Secretary, U.S. Department of State

2201 C Street NW

Washington, DC 20520

Dear Secretary Kerry:

We are writing to encourage you and the State Department to continue to do everything possible to combat human trafficking. This reprehensible criminal industry has exploited millions of men, women, and children across the world, and it is our duty as a beacon of freedom to protect the dignity of the most vulnerable populations. We urge you to continue to engage directly with our global partners in ending this deeply harmful practice.

Nowhere is the urgency to stop this practice felt more than in countries experiencing the effects of growing Syrian refugee populations. Lebanon hosts approximately 1 million registered refugees, which means that one in five people in the country is now a refugee. Jordan hosts the largest Syrian refugee camp in the world, with a large enough population to make it the country’s ninth largest city; and Turkey is now host to over 4 million refugees, 90 percent of which live outside of camps. The fragility of the situation in these countries has led to the exponential growth of the threat of human trafficking activity.

This is exemplified in the horrific account of a sex trafficking operation that was broken up by Lebanese authorities earlier this year, where 75 Syrian women were being held, some for over two years, and forced into sex slavery. Trafficking conditions in Jordan and Turkey are similar to other countries in the region. Women and girls in particular are targeted for domestic servitude as well as sex trafficking in nightclubs and bars, and in some instances, being sold for temporary or “summer” marriages through online forums to men in other countries.

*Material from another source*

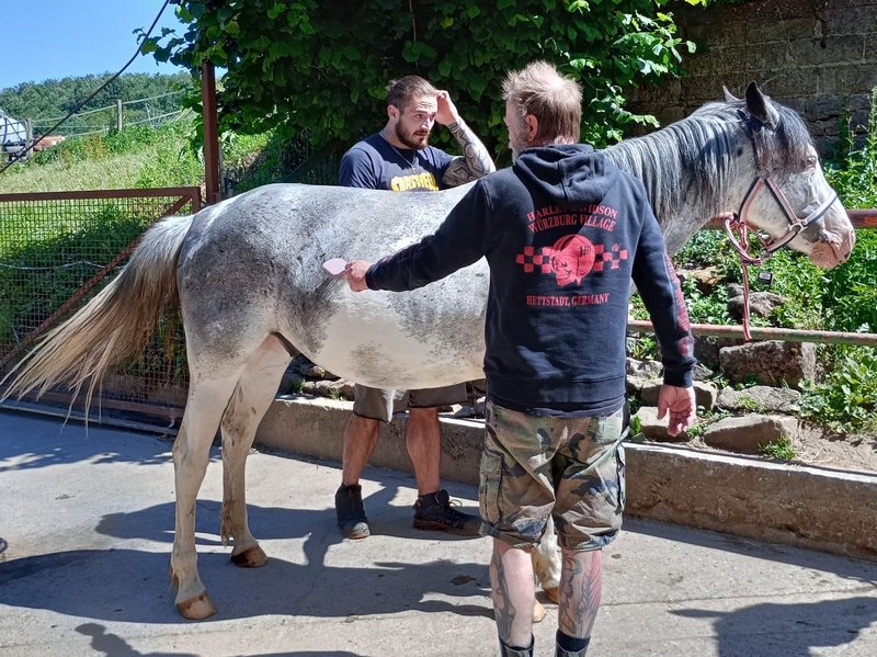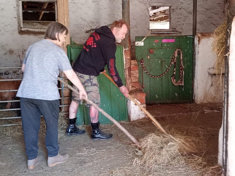 Mit viel Vorfreude machten sich die Bewohnerinnen und Bewohner des Hauses Hirtenhof auf den Weg zu ihrem Lieblingsreiterhof. Unter Anleitung der Hofbesitzer halfen alle tatkräftig mit: Pferde füttern, putzen, kleine Arbeiten rund um den Stall – alles wurde mit Begeisterung und großem Engagement übernommen.

In Turkey, refugees are paying traffickers for passage to Europe, making the Syrian migration a billion-dollar enterprise for traffickers.

While we applaud the efforts of the Jordanian and Lebanese governments in updating their human trafficking laws in 2009 and 2011 respectively, and new trafficking regulations put in place this year by the Turkish government, there is still a long road ahead in curbing this deplorable enterprise. So far, there have been few trafficking convictions since the implementation of these laws. Too often, victims of trafficking – particularly sex trafficking – are being picked up by law enforcement and detained as criminals, despite the new laws in place.

Human trafficking in this region is also a national security issue. Terrorist organizations like ISIS continue to kidnap individuals, particularly women and young girls, and sell them into marriages and sex slavery to fighters. The human trafficking industry profits number in the billions each year, contributing to dangerous organizations like ISIS, Hezbollah, and Jabhat Fatah al-Sham that threaten the safety of millions of Americans at home and abroad. Trafficking in this region is used to humiliate minority religious groups, promotes rape and forced sex slavery as a tool of war, and is used to extort families for ransom. It is estimated that the practice trafficking of refugees to Europe alone has generated over $320 million for ISIS and other jihadist groups in the region.

We are therefore writing to urge you to work directly with these governments in educating their law enforcement officials, judges, and security forces on how to identify, investigate, and prosecute human trafficking operations. We would advise you to take specific, direct action with their governments, and the NGOs operating within their borders, to assist in monitoring and curbing the growing threat of trafficking operations among the most vulnerable displaced Syrians. We must do everything in our power to protect these populations that have faced incomprehensible violence and upheaval, support the governments that are being affected by enormous increases in population, and end the dangerous practice of trafficking.

It is imperative that we continue to strengthen our relationship with the Jordanian, Lebanese, and Turkish governments in order to end the practice of human trafficking among the growing refugee population. Complacency and inaction are no longer an option in this increasingly dangerous region. We must ensure that human trafficking does not continue, so that we may ensure the safety of millions of men, women, and children as well as halting an inhumane practice that provides funding for terrorist organizations. We appreciate your efforts and we look forward to seeing your attention to this critical issue.